(Data items)
========
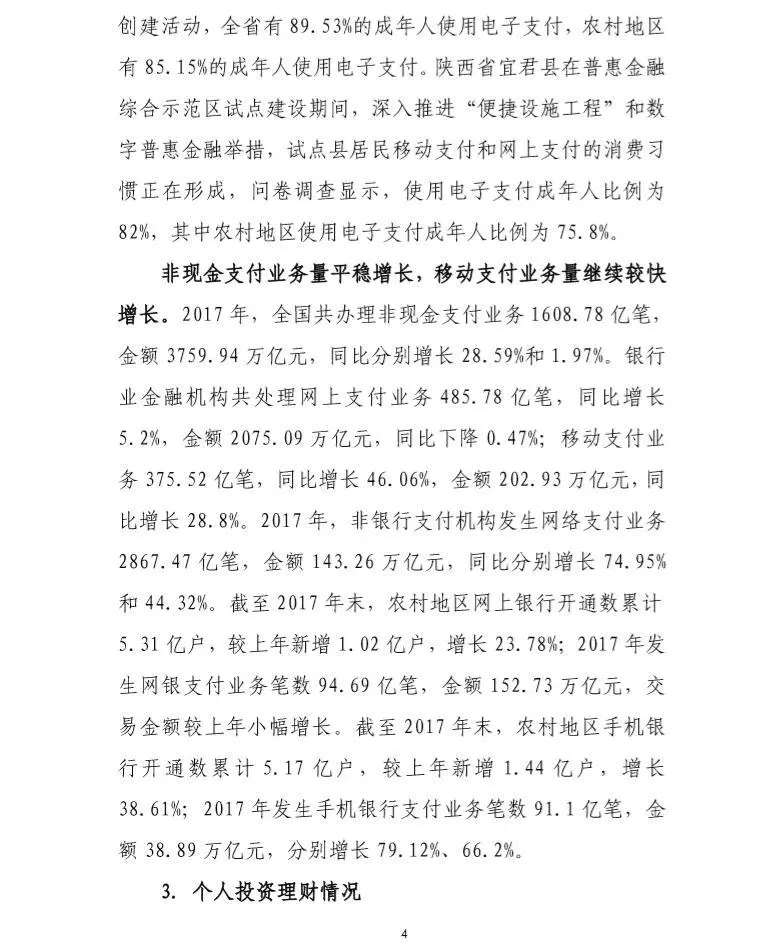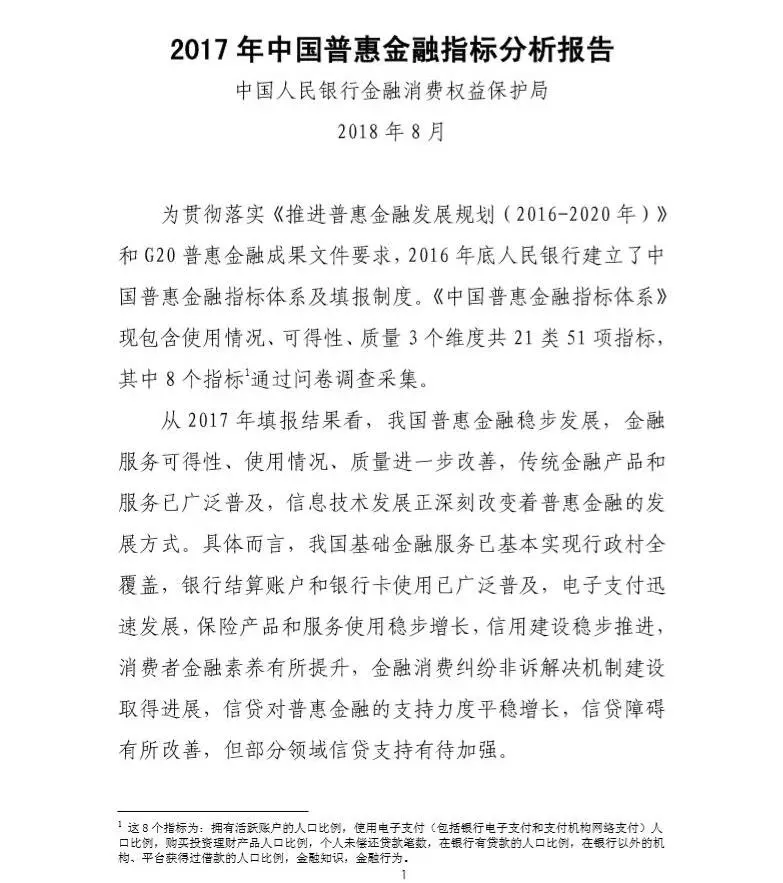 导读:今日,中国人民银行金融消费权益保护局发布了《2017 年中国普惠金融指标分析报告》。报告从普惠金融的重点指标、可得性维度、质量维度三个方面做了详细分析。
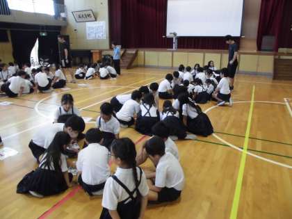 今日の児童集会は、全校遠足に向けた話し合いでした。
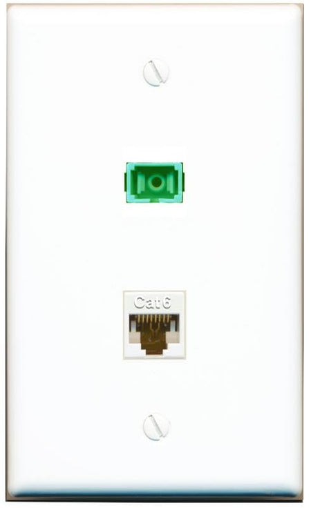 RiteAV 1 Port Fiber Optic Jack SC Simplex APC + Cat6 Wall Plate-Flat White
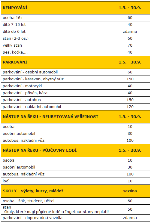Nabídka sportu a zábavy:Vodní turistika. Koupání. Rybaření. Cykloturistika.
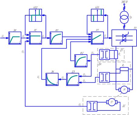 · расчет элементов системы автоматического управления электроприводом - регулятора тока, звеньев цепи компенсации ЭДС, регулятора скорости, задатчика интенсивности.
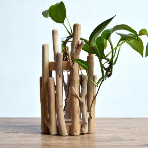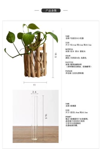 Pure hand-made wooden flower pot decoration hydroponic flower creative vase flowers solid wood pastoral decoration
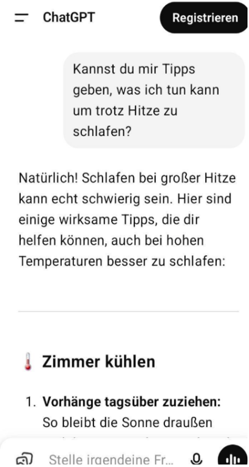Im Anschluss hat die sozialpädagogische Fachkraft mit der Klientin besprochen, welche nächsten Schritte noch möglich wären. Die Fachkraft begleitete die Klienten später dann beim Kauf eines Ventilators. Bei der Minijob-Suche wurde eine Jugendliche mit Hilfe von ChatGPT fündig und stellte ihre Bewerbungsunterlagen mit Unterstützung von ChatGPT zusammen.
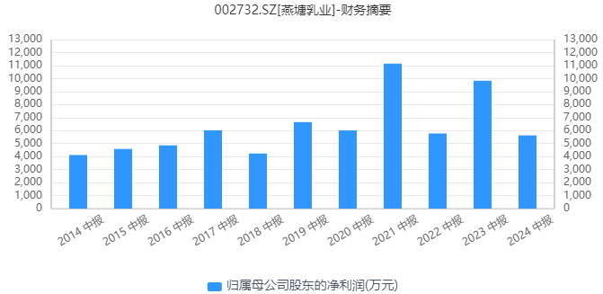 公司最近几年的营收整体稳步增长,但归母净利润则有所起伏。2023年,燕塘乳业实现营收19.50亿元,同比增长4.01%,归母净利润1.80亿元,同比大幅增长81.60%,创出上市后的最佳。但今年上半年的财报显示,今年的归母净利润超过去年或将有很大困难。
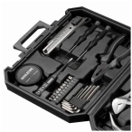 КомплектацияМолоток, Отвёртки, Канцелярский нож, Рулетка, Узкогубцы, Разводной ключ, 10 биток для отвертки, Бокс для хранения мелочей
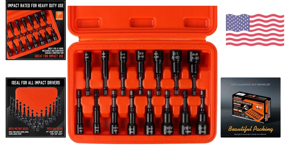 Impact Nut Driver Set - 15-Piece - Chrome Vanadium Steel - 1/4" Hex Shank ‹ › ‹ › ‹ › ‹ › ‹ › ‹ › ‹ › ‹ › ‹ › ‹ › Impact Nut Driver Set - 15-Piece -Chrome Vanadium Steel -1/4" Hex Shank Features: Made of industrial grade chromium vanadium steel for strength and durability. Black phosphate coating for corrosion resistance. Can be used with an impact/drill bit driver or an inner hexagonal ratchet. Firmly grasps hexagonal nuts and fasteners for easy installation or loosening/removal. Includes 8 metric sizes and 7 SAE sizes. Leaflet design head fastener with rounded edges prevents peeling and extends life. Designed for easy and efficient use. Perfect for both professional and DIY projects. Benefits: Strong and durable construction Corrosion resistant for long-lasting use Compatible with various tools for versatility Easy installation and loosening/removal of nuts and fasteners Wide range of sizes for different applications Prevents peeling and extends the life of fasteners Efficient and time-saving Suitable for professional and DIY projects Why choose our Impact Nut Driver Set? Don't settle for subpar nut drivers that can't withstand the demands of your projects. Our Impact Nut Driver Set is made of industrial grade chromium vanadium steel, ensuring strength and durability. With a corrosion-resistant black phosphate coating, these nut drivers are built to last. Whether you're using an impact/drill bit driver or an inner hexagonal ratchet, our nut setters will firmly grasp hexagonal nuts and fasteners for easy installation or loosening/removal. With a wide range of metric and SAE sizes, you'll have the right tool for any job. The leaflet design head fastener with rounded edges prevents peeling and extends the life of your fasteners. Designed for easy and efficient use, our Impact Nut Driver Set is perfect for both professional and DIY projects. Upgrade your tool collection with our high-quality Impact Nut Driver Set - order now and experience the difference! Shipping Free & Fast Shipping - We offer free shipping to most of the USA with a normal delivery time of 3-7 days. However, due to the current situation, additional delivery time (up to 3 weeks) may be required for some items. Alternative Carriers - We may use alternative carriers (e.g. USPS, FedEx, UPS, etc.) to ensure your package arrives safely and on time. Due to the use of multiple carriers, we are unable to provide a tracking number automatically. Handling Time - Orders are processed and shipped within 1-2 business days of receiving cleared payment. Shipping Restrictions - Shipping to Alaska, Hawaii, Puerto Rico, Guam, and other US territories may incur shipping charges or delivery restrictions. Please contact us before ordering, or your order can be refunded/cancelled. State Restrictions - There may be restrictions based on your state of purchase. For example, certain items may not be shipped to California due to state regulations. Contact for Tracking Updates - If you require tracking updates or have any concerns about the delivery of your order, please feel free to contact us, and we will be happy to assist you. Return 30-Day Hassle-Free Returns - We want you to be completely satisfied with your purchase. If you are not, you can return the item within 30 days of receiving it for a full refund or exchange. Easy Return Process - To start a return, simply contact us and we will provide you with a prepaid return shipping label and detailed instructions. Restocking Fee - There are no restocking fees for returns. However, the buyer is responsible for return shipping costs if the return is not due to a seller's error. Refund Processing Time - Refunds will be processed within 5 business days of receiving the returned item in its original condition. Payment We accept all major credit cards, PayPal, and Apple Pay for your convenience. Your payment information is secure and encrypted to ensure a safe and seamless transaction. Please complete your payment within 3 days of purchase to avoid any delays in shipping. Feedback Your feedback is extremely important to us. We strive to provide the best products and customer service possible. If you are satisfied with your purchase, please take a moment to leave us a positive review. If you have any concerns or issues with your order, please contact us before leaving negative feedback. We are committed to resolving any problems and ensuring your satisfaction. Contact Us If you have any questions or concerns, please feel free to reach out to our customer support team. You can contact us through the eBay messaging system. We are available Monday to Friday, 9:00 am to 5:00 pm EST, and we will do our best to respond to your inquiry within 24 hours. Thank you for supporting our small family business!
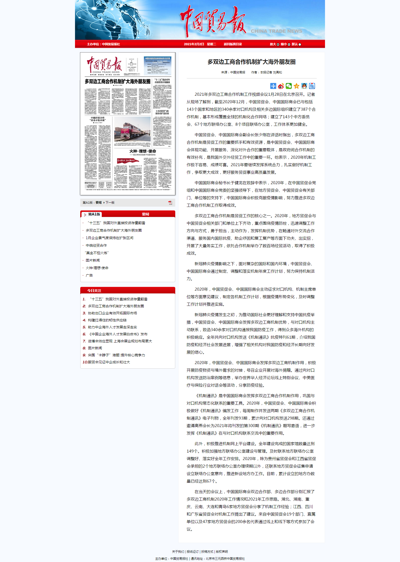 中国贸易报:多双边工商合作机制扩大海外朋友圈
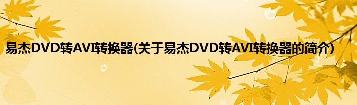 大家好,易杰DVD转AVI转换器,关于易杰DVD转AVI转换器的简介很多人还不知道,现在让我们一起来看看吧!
========
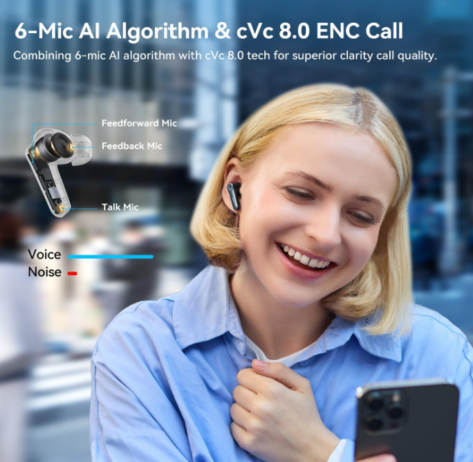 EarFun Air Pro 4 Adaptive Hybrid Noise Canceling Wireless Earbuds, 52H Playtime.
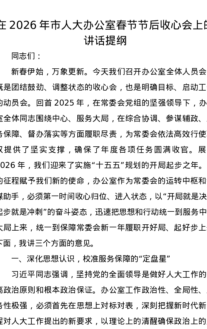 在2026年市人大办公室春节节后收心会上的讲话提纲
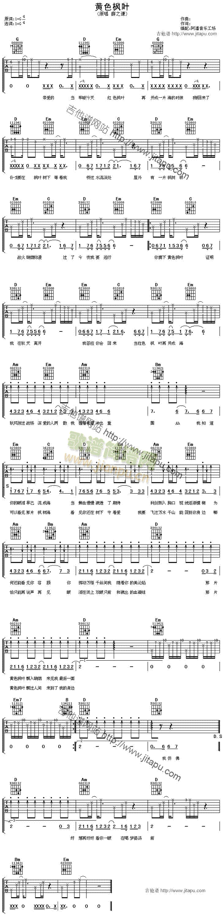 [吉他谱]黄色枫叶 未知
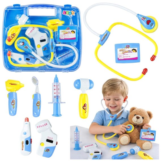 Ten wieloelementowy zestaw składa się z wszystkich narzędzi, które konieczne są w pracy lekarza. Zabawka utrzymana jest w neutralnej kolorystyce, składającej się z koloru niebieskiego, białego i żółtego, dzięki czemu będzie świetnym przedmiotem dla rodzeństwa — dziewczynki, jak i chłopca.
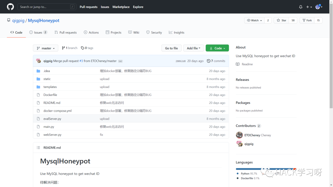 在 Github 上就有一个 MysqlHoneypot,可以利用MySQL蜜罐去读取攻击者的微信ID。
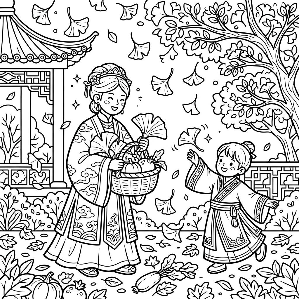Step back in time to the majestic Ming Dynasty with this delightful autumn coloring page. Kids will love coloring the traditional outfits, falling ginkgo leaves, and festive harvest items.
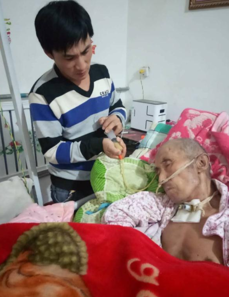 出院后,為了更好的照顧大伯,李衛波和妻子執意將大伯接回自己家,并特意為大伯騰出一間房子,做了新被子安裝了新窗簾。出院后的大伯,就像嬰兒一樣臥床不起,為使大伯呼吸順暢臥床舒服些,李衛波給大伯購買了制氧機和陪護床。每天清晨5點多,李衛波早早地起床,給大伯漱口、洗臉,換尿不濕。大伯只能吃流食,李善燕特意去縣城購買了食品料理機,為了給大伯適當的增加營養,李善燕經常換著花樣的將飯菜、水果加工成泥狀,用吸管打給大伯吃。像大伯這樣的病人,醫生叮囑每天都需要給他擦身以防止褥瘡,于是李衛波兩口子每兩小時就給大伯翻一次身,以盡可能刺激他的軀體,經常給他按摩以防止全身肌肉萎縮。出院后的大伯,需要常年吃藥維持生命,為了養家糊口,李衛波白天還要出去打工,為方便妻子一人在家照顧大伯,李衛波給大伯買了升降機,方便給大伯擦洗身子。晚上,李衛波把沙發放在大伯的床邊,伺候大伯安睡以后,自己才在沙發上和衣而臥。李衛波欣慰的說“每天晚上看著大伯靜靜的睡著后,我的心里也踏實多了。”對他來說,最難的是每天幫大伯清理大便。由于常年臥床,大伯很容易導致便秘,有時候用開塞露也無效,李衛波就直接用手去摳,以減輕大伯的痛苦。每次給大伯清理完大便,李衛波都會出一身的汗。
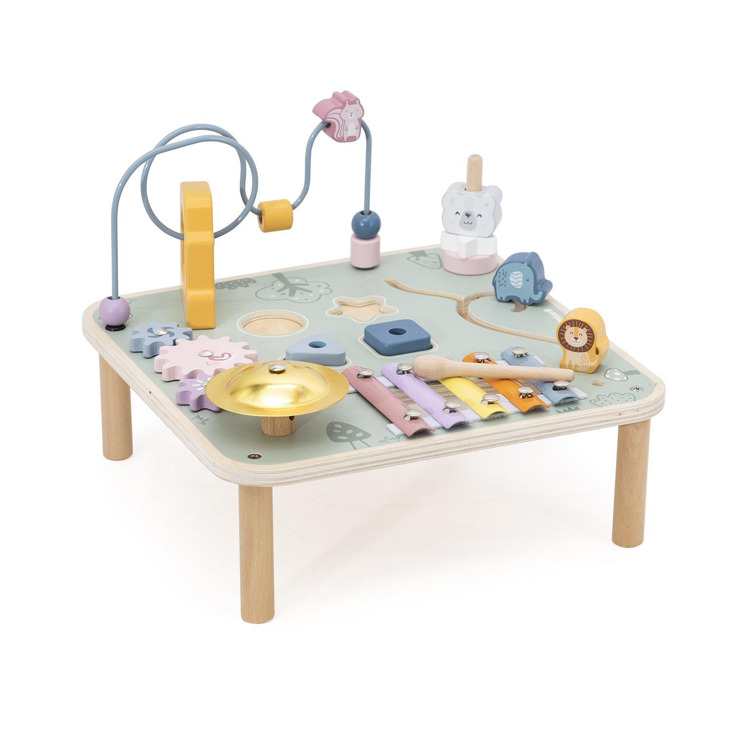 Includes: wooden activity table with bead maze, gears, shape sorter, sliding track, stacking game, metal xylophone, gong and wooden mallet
========
An exact transcription is needed of the lines from the one with "RiteAV 1 Port" to the one with "КомплектацияМолоток, Отвёртки, Канцелярский" above, both ends included, with pictures left out.

FINISHED EXERCISE:
 RiteAV 1 Port Fiber Optic Jack SC Simplex APC + Cat6 Wall Plate-Flat White
Nabídka sportu a zábavy:Vodní turistika. Koupání. Rybaření. Cykloturistika.
 · расчет элементов системы автоматического управления электроприводом - регулятора тока, звеньев цепи компенсации ЭДС, регулятора скорости, задатчика интенсивности.
 Pure hand-made wooden flower pot decoration hydroponic flower creative vase flowers solid wood pastoral decoration
Im Anschluss hat die sozialpädagogische Fachkraft mit der Klientin besprochen, welche nächsten Schritte noch möglich wären. Die Fachkraft begleitete die Klienten später dann beim Kauf eines Ventilators. Bei der Minijob-Suche wurde eine Jugendliche mit Hilfe von ChatGPT fündig und stellte ihre Bewerbungsunterlagen mit Unterstützung von ChatGPT zusammen.
 公司最近几年的营收整体稳步增长,但归母净利润则有所起伏。2023年,燕塘乳业实现营收19.50亿元,同比增长4.01%,归母净利润1.80亿元,同比大幅增长81.60%,创出上市后的最佳。但今年上半年的财报显示,今年的归母净利润超过去年或将有很大困难。
 КомплектацияМолоток, Отвёртки, Канцелярский нож, Рулетка, Узкогубцы, Разводной ключ, 10 биток для отвертки, Бокс для хранения мелочей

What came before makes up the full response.